= Willful ignorance =

Strategy of avoiding accountably or liability

In psychology and philosophy, willful ignorance is the deliberate avoidance of relevant information or knowledge (i.e., choosing not to know), often because the truth would be uncomfortable or would create pressure to act in ways the person would rather avoid.

In law, willful ignorance is when a person seeks to avoid civil or criminal liability for a wrongful act by intentionally keeping themselves unaware of facts that would render them liable or implicated. In United States v. Jewell, the court held that proof of willful ignorance satisfied the requirement of knowledge as to criminal possession and importation of drugs.

The concept is also applied to situations in which people intentionally turn their attention away from an ethical problem that is believed to be important by those using the phrase (for instance, because the problem is too disturbing for people to want it dominating their thoughts, or from the knowledge that solving the problem would require extensive effort). (Note: Attributed to multiple references:)

==Terminology==
Willful ignorance is sometimes called willful blindness, contrived ignorance, conscious avoidance, intentional ignorance, or Nelsonian knowledge.
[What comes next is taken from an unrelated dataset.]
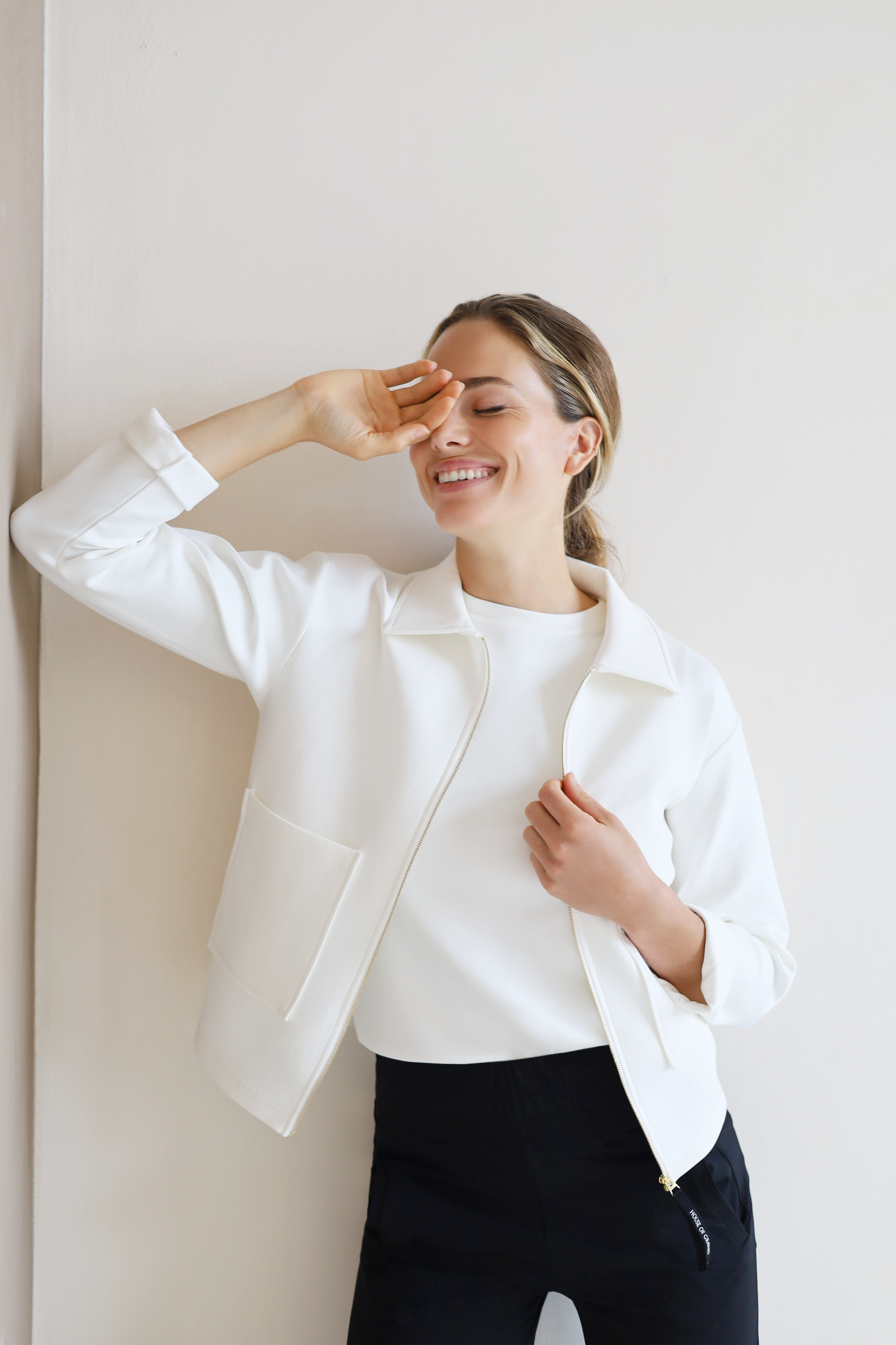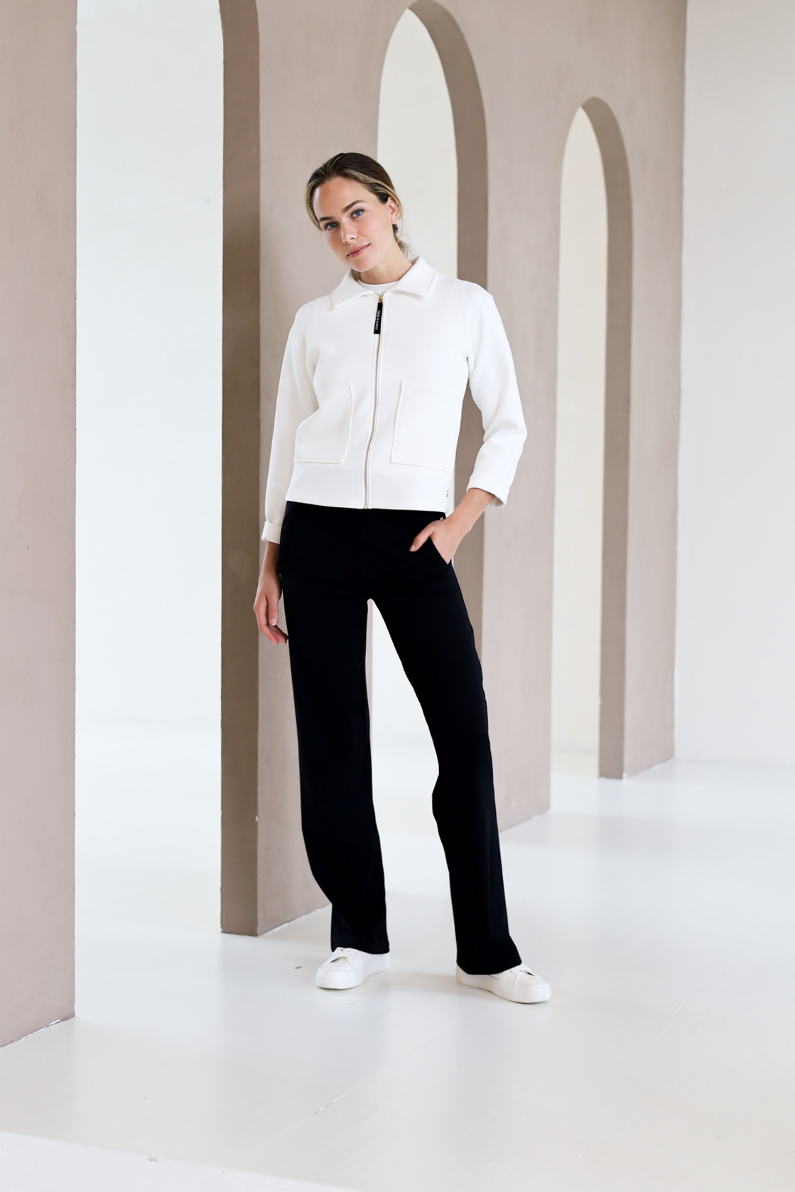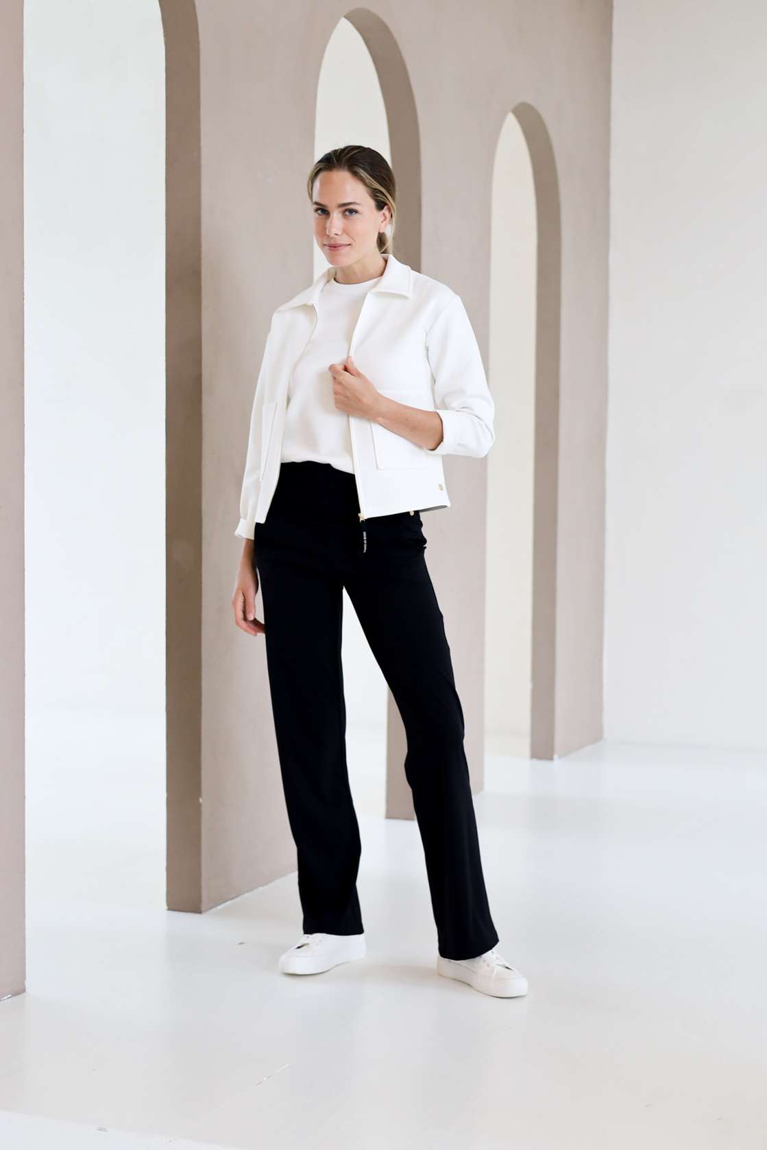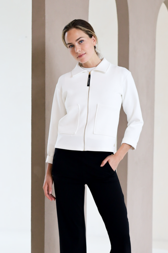 The Bomber Jacket is a versatile piece from our Daywear Collection, crafted from our smooth, soft, and luxurious fabric for a comfortable, high-end look. This timeless classic features a slightly oversized, relaxed silhouette, making it the perfect layering piece for any occasion. With premium embroidery on the front, an elastic waistband, and functional front pockets, this jacket blends style and practicality. Whether you're pairing it with chinos for a chic city look or wearing it over your activewear on the way to the gym, the Bomber Jacket adds a touch of sophistication and effortless style to any outfit.

The jury instruction for willful blindness is sometimes called the "ostrich instruction".

==Religious and mythological perspectives==
Many religious and mythological traditions describe ignorance, delusion, or a lack of saving knowledge as contributing to wrongdoing or suffering, and some traditions also distinguish between ignorance that is not culpable and ignorance that is culpable because a person could have corrected it with reasonable diligence or because the person deliberately fostered it.

In Greek mythology and literature, the figure Ate (Ἄτη) is discussed in scholarship as a personification of "delusion" that leads agents into error and ruin.
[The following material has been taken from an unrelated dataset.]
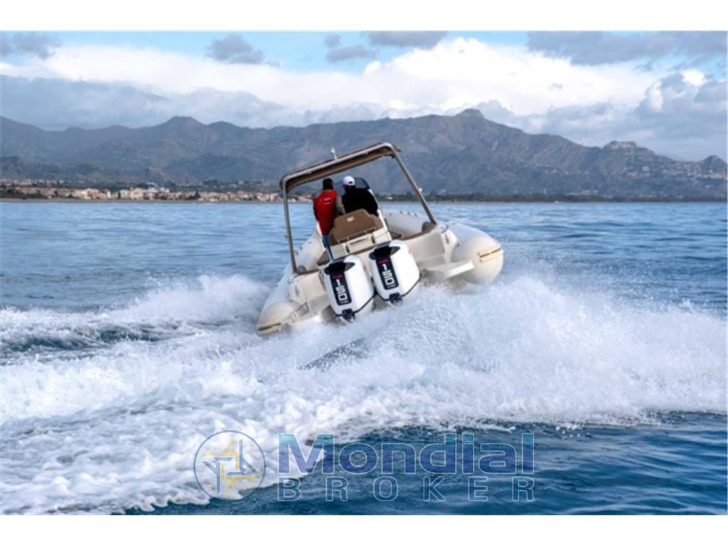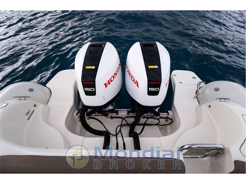 Notas internasConsole completa con timoneria meccanica, cuscineria completa a cellula chiusa, cruscotto console, sedile fronte console, schienale di poppa, tavolo di poppa, poggiapiedi console in teak, prolunga prendisole di poppa, gavoni di prua e prendisole, gavoncini per cime ormeggio poppa, gavone pavimento per riporre il tavolo, ganci di traino e ormeggio, plancette a poppa, delfiniera di prua, serbatoio acqua, indicatore livello acque chiare, doccia poppa completa di impianto, serbatoio carburante inox 400 litri, blower, pompa di sentina automatica, pannello elettrico, impianto elettrico completo, stacca batteria, presa USB in console, bussola, frigorifero elettrico, gonfiatore elettrico, scaletta, kit di riparazione tubolari, tromba. Cabina: WC elettrico, presa corrente 12 Volt, doccia in cabina, specchio, lavandino, carabottino teak, illuminazione. |

In Zoroastrian belief, moral dualism is expressed as an opposition between truth and falsehood (Asha–Druj), framed in terms of opposed principles and a decisive "choice" between them. Angra Mainyu (Ahriman) is the "evil, destructive spirit" in Zoroastrian dualistic doctrine.
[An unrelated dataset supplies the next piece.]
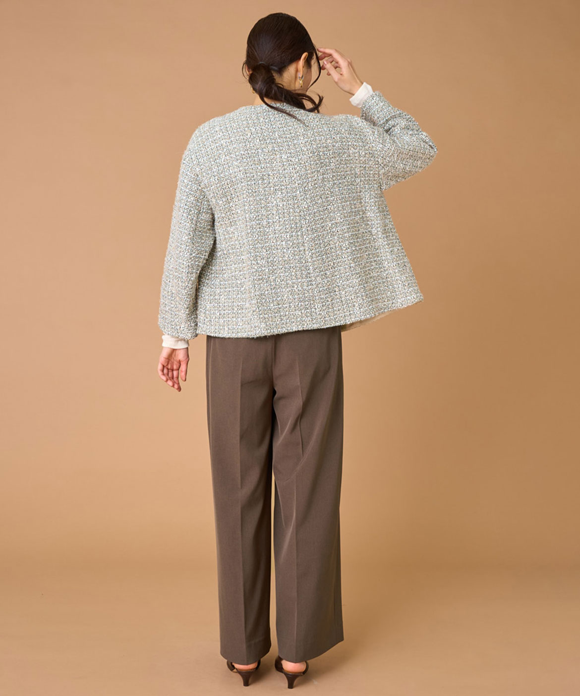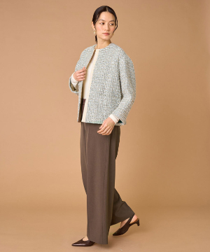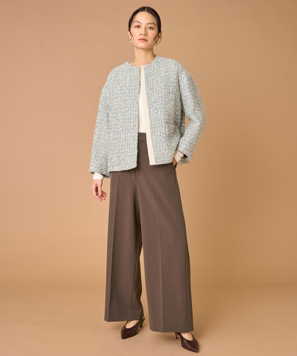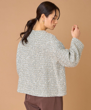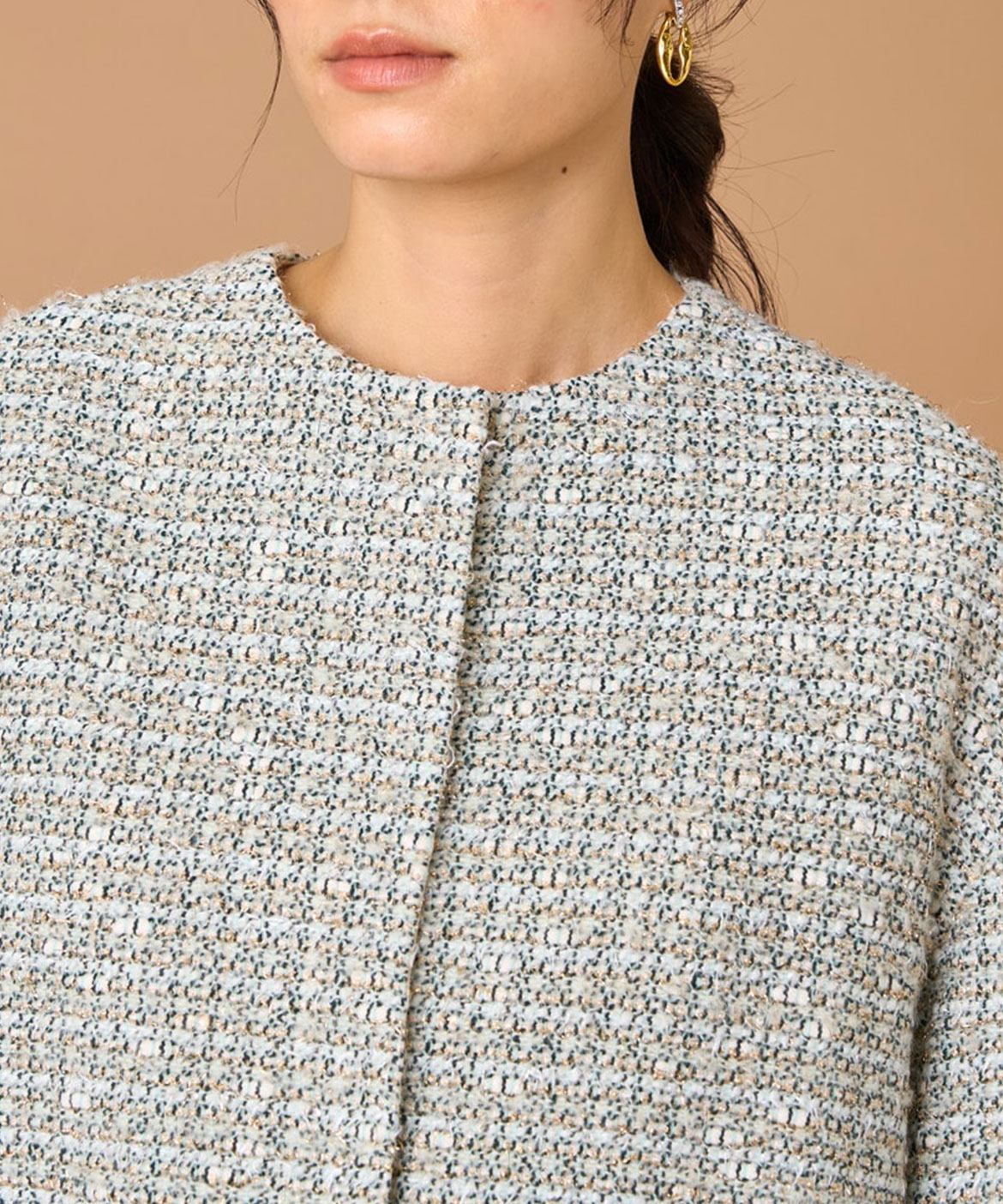 イギリスの老舗LINTON社の高品質なツイードでデザインされたジャケットです。様々な糸によって生み出される表情が上品かつクラス感のある雰囲気になっています。羽織るだけでコーディネートの主役になるアイテムです。オフィスやセレモニー、デイリーまで幅広いシーンで活躍出来るアイテムです。

In Manichaeism a dualistic movement founded by Mani, who was known as the "Apostle of Light." It is often described in terms of opposing realms in epistemic terms, that "the nature of light is wisdom" and "the nature of darkness is ignorance."

In Taoist thought "original ignorance" (ascribed to the child) is distinguished from the cultivated "no-knowledge" of the sage, and the aspirant is urged to discard knowledge and distinctions in order to attain the Tao.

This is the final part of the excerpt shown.